** Given material follows **

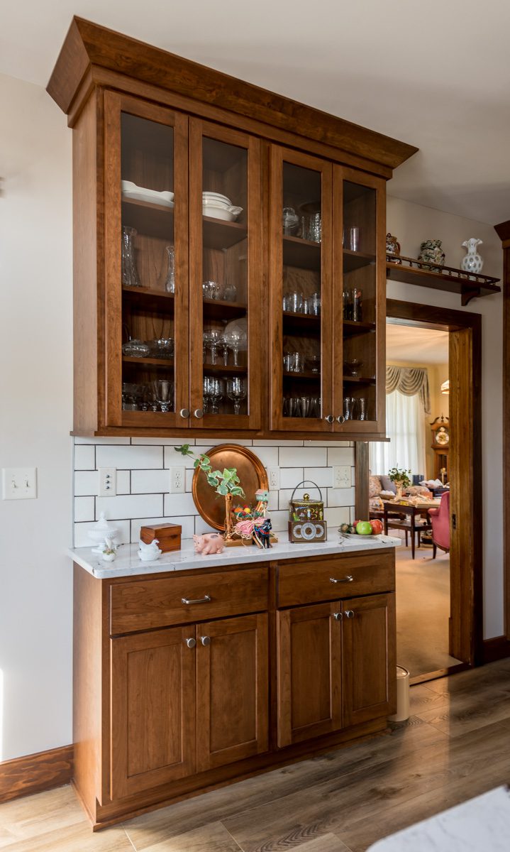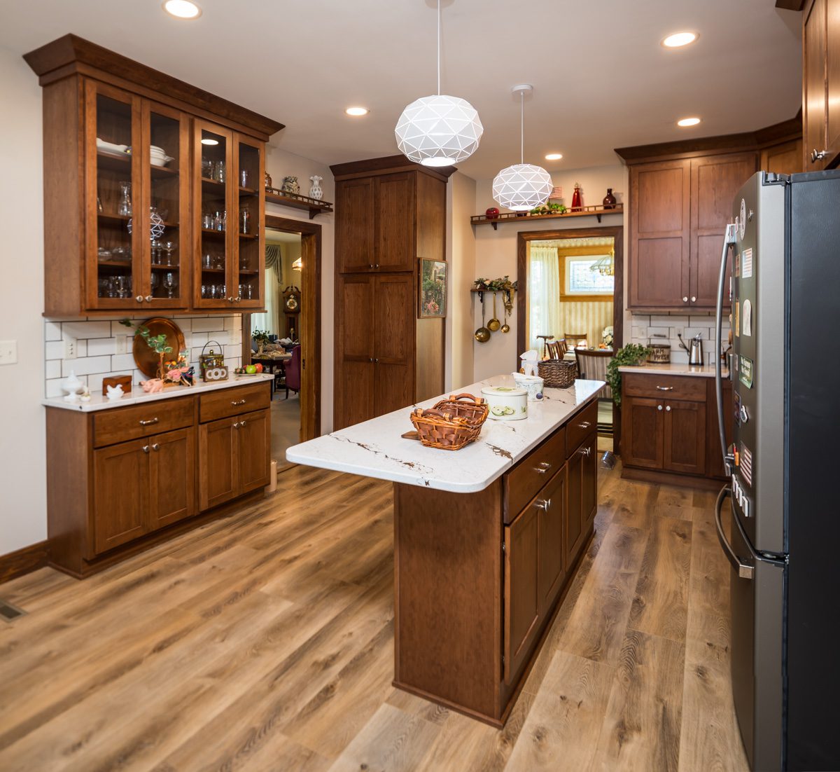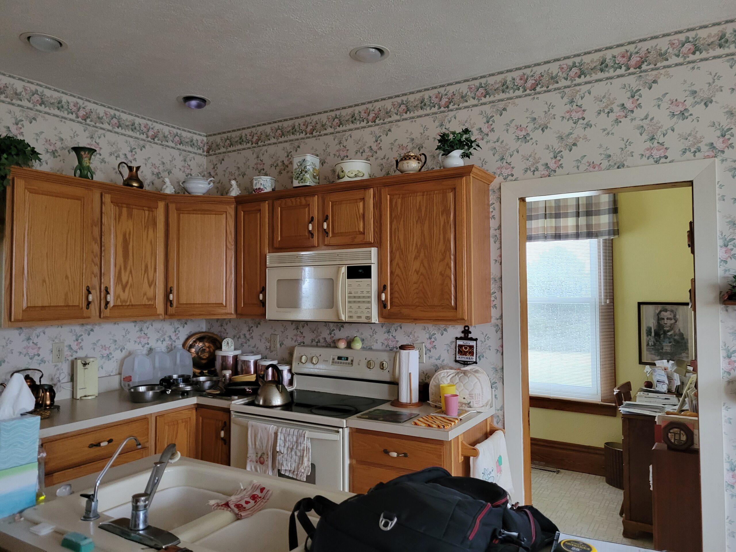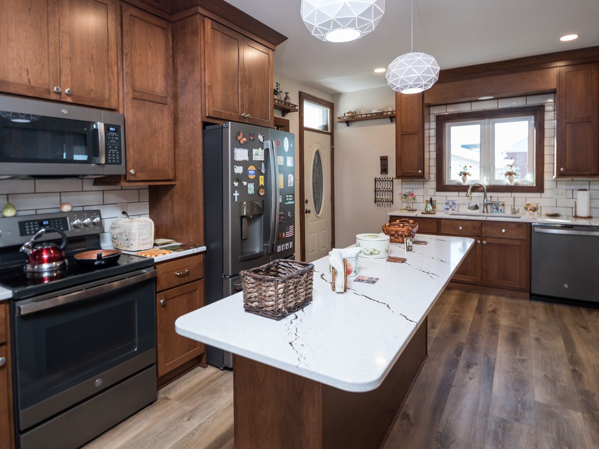 Turning this kitchen into a modern, open-concept design. Taking out the wall paper and put in extended wood shaker cabinets all the way to make the space more elevated, with a crowning at the top, as well as to add warmth and sophistication. We closed off a door and add in a space for the refrigerator and extra cabinet space. adding a new wall for the sink and dishwasher area, so there is more open space on the island. This room is transformed into a more functional space with a modern aesthetic.
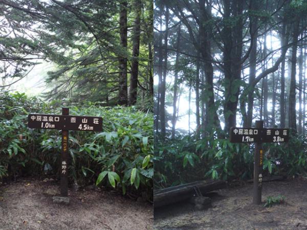 - 中房温泉(8:30スタート)==3:30==合戦小屋(大休止0:30)==1:15==燕山荘(13:45到着)
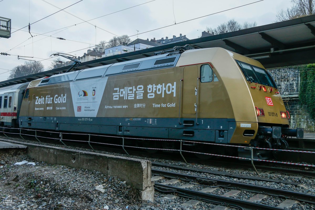 101 071 "Zeit für Gold" mit IC2229 in Wuppertal Hbf, am 20.02.2018.

** End of Given material **

_Exercise goal_
Repeat the data word for word; drop the pictures.

_Answer box_
 Turning this kitchen into a modern, open-concept design. Taking out the wall paper and put in extended wood shaker cabinets all the way to make the space more elevated, with a crowning at the top, as well as to add warmth and sophistication. We closed off a door and add in a space for the refrigerator and extra cabinet space. adding a new wall for the sink and dishwasher area, so there is more open space on the island. This room is transformed into a more functional space with a modern aesthetic.
 - 中房温泉(8:30スタート)==3:30==合戦小屋(大休止0:30)==1:15==燕山荘(13:45到着)
 101 071 "Zeit für Gold" mit IC2229 in Wuppertal Hbf, am 20.02.2018.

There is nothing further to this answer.